More good green news comes from a city that was smart enough back in the mid-’90s to start planning a more sustainable future, reports Governing magazine. In a community effort called “Envision Utah,” Salt Lake City residents planned 40 and even 50 years ahead. Goals included reducing sprawl and driving time, cutting down on air pollution and retaining the precious open space near the mountains. They concentrated on planning for “higher-density developments around mass-transit stops” — creating places where cars could be abandoned in favor of walking or taking light-rail trains or streetcars to work, stores and school.

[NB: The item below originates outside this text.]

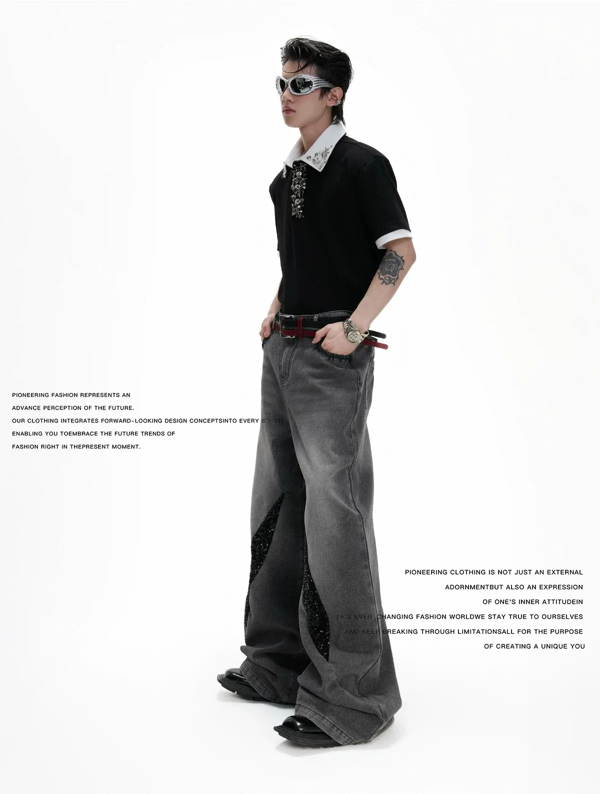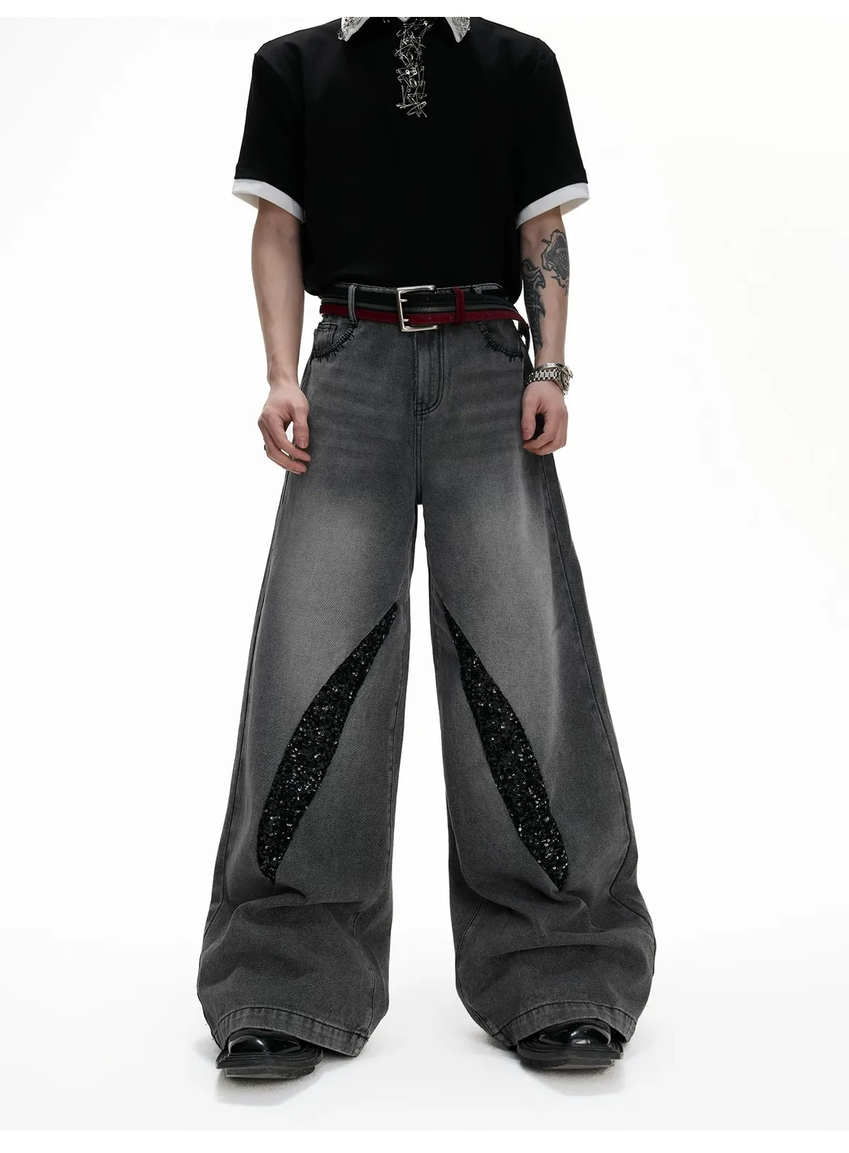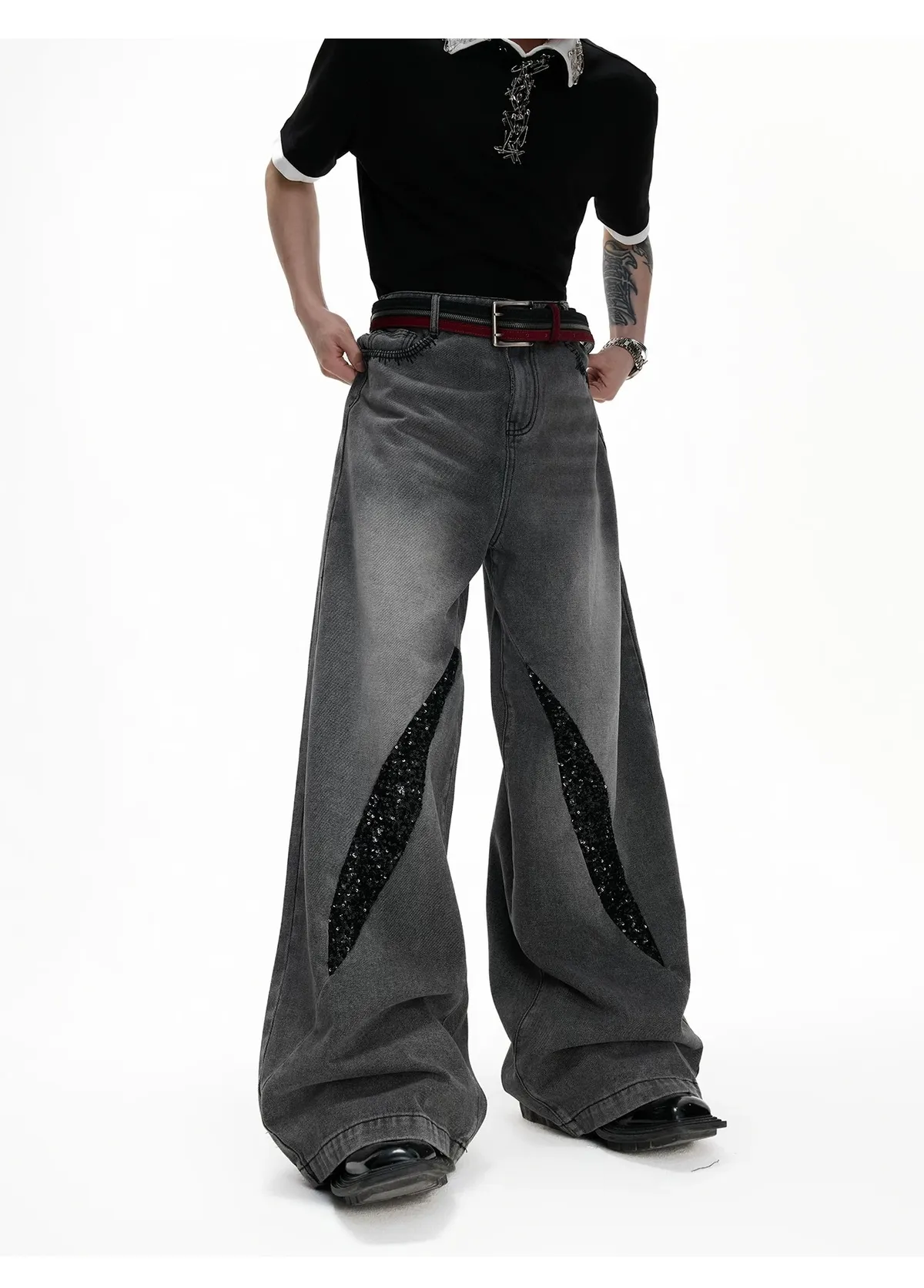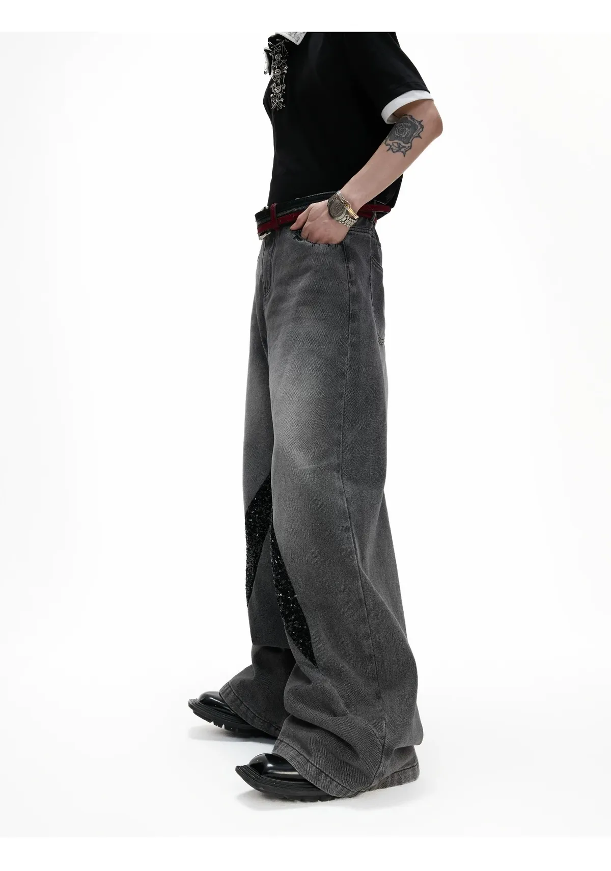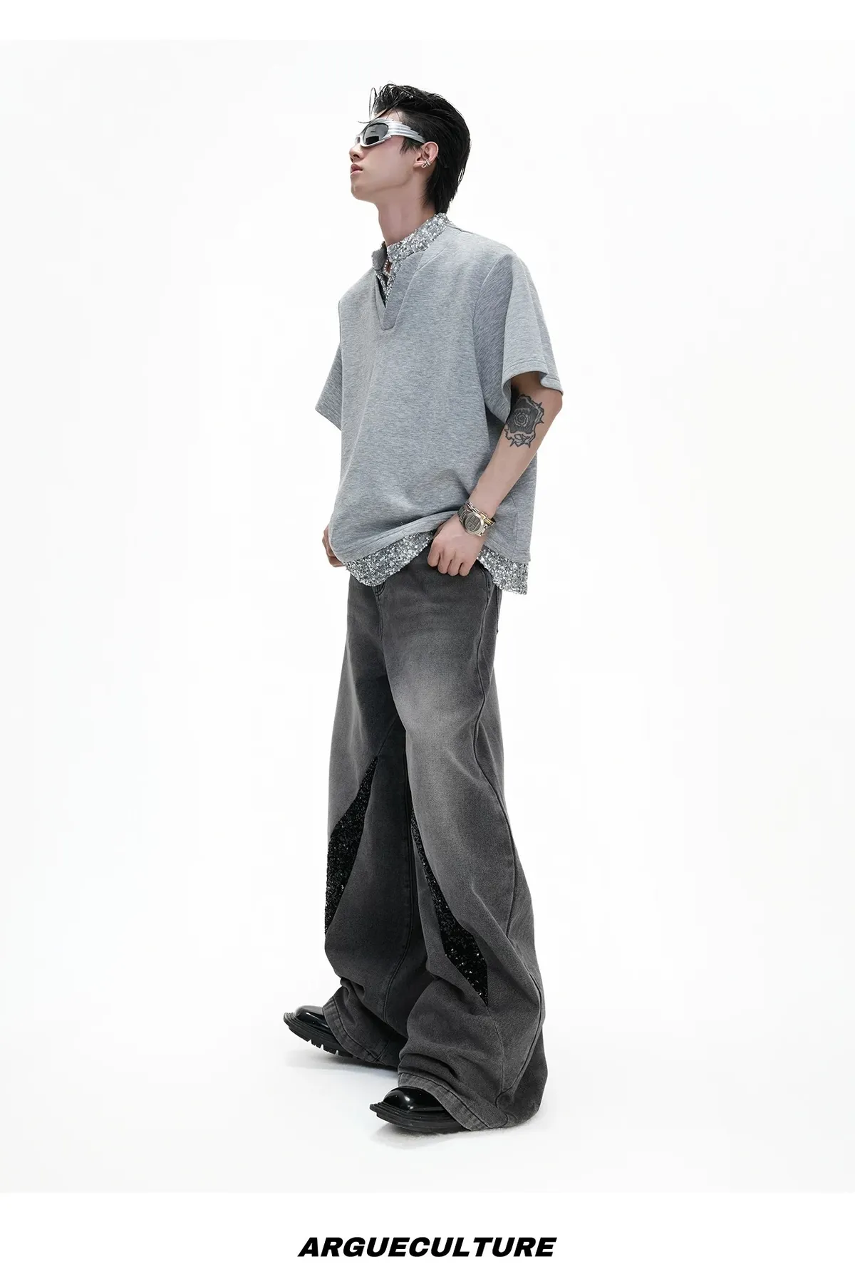 ARGUE 流光閃片拼接 水洗灰 牛仔褲(水洗灰)

If that vision holds, the Greater Wasatch area — a narrow, 120-mile strip where about 80 percent of Utah’s population lives — will “conserve 23 square miles of open space, reduce traffic congestion by 18 percent, and increase (mass) transit use by 12 percent,” predicts the federal Housing and Urban Development agency.

ARIZONA

Thanks to the 23-to-30-foot-high fence across the Nogales border with Mexico, the Tucson Weekly finds that marijuana smugglers and U.S. Border Patrol have begun playing a vigorous “game” that resembles a blend of monkey-in-the-middle and football. “There are quarterbacks in Mexico and receivers in the U.S.,” said Lt. Gerardo Castillo of the Santa Cruz County Metro Task Force. “We try to intercept, obviously.”